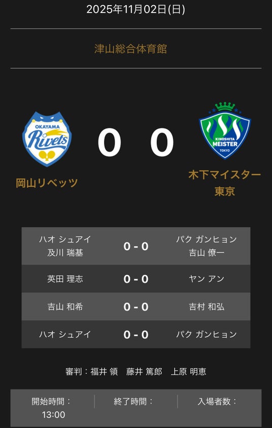 - ノジマTリーグ 2025-2026シーズン 公式戦 11月2日開催 岡山リベッツ vs 木下マイスター東京 対戦オーダー発表
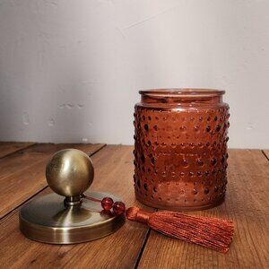 Decorative bumpy glass container with metal lid and bead and tassel. About 6 inches tall with lid, about 3.5 inch diameter.
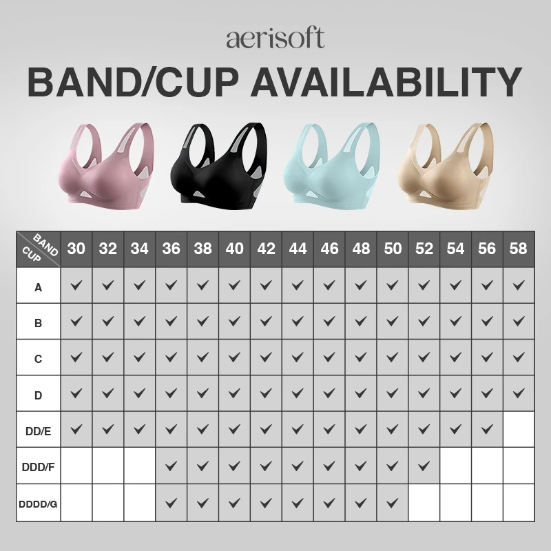 AeriSoft bra fits true to size, offering a comfortable and supportive fit. We recommend you select your regular size.
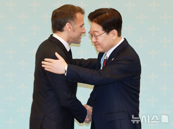 [서울=뉴시스] 고범준 기자 = 이재명 대통령과 에마뉘엘 마크롱 프랑스 대통령이 3일 청와대에서 한-프랑스 공동언론발표를 마친 뒤 인사하고 있다. 2026.04.03. [email protected]
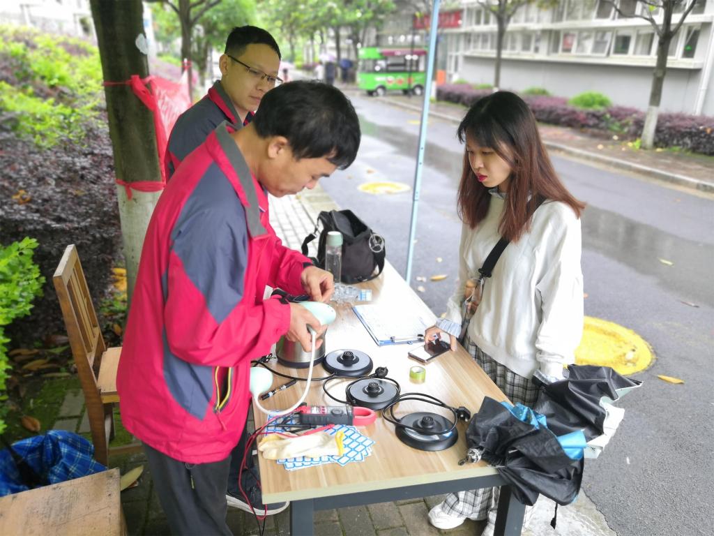 该活动为期一周,恰逢桂林雨季,师傅们每日都在活动现场热情接待师生,对送来的“病号”认真做“体检”,规范的进行登记、编号、分类,分析问题、“对症下药”进行修理。此外,维修师傅对无法修好的电器会认真地向师生说明损坏原因,并耐心向师生提供维修建议及讲解家电使用与保养的方法。在师傅们的妙手下,一件件家电“重获新生”。据统计,此次活动共维修电饭锅、电池炉、豆浆机、风扇、热水壶、吹风机、台灯等小家用电器153件,修复140件,修复率高达90%,广受师生赞誉。
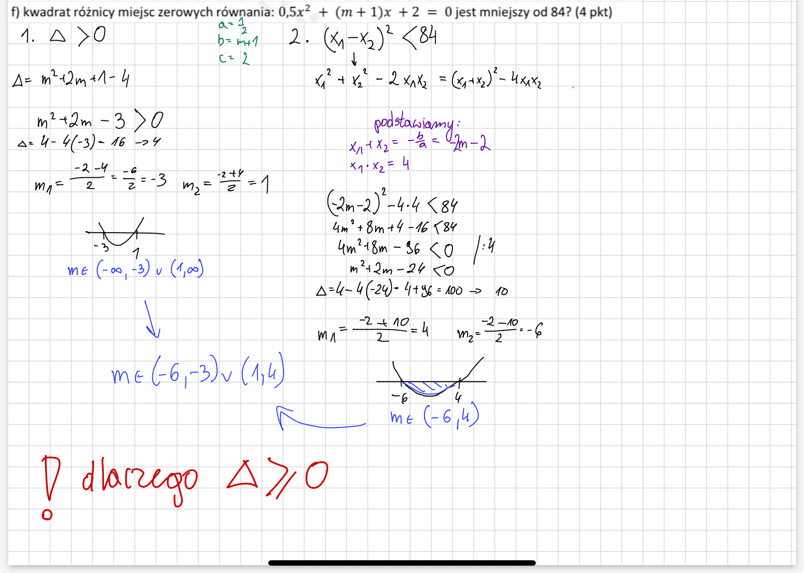 chodzi o to, że w poleceniu nie jest napisane że mają być dwa rozwiązania więc wtedy musisz rozpatrzeć opcję gdy oba rozwiązania są takie same czyli jest tak naprawdę jedno rozwiązanie więc delta większa równa zero
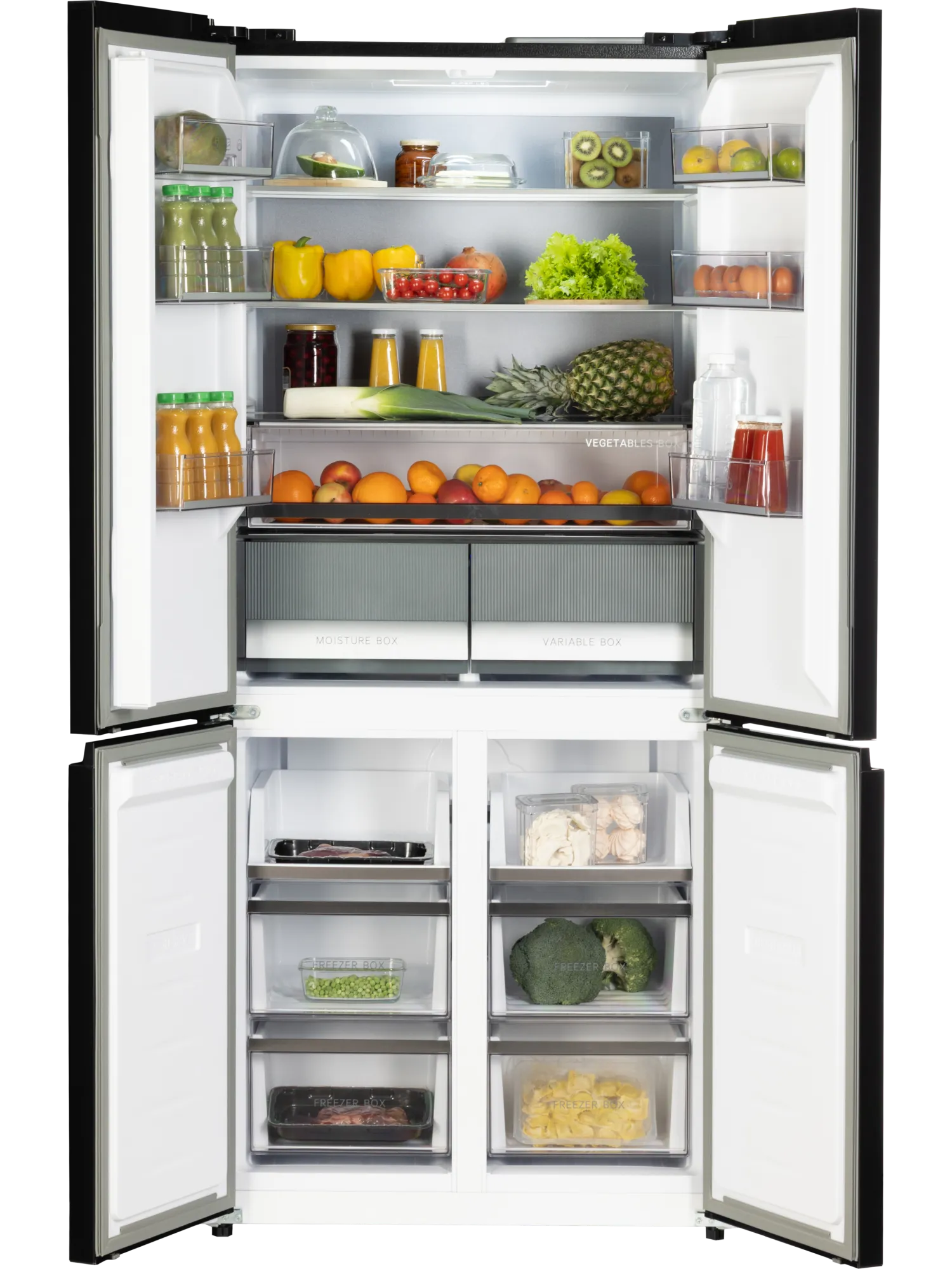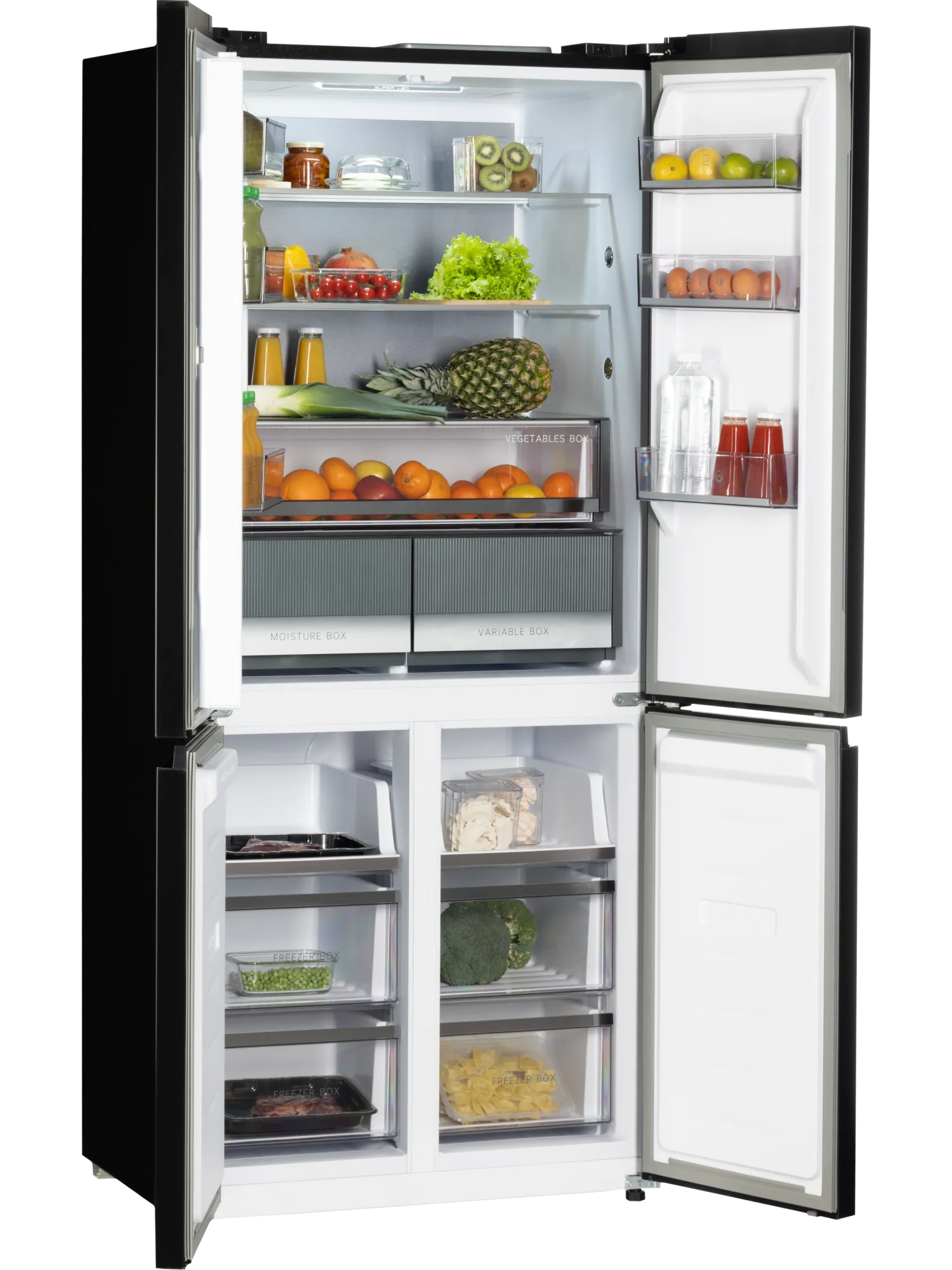 Общий объем холодильника составляет 466 литров. Три отделения и функциональная зона позволяют хранить продукты с максимальной свободой:
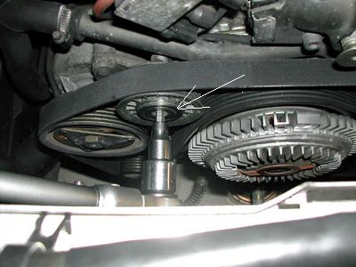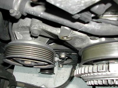 矢印はアイドラープーリー固定ボルトの穴・・ベルトを外したところ(M8) |
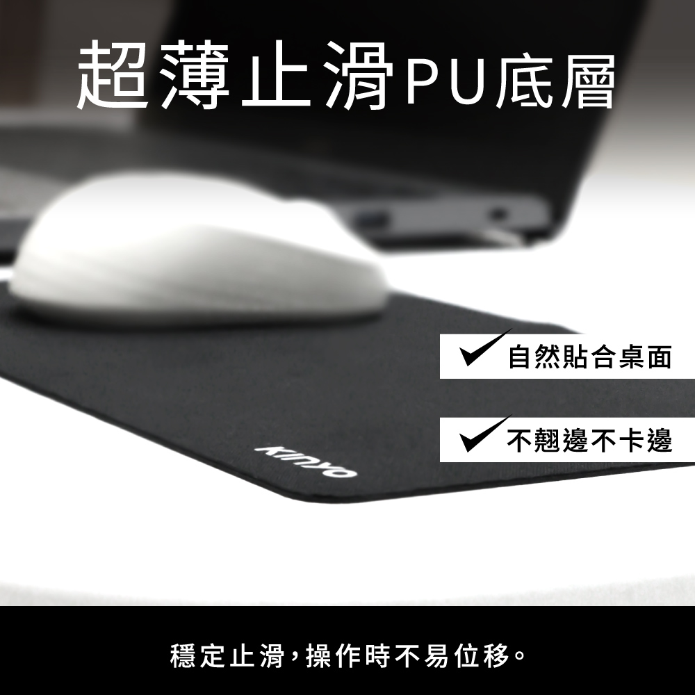 緊密貼合桌面不卡邊,天然止滑性讓滑鼠墊穩固不位移。
---*---
## [Work request]
Because only one stretch of the records is wanted, please output the lines from the one holding "Decorative bumpy glass" through the one holding "该活动为期一周,恰逢桂林雨季" exactly, both included, and leave every picture out.

## [Result]
 Decorative bumpy glass container with metal lid and bead and tassel. About 6 inches tall with lid, about 3.5 inch diameter.
 AeriSoft bra fits true to size, offering a comfortable and supportive fit. We recommend you select your regular size.
 [서울=뉴시스] 고범준 기자 = 이재명 대통령과 에마뉘엘 마크롱 프랑스 대통령이 3일 청와대에서 한-프랑스 공동언론발표를 마친 뒤 인사하고 있다. 2026.04.03. [email protected]
 该活动为期一周,恰逢桂林雨季,师傅们每日都在活动现场热情接待师生,对送来的“病号”认真做“体检”,规范的进行登记、编号、分类,分析问题、“对症下药”进行修理。此外,维修师傅对无法修好的电器会认真地向师生说明损坏原因,并耐心向师生提供维修建议及讲解家电使用与保养的方法。在师傅们的妙手下,一件件家电“重获新生”。据统计,此次活动共维修电饭锅、电池炉、豆浆机、风扇、热水壶、吹风机、台灯等小家用电器153件,修复140件,修复率高达90%,广受师生赞誉。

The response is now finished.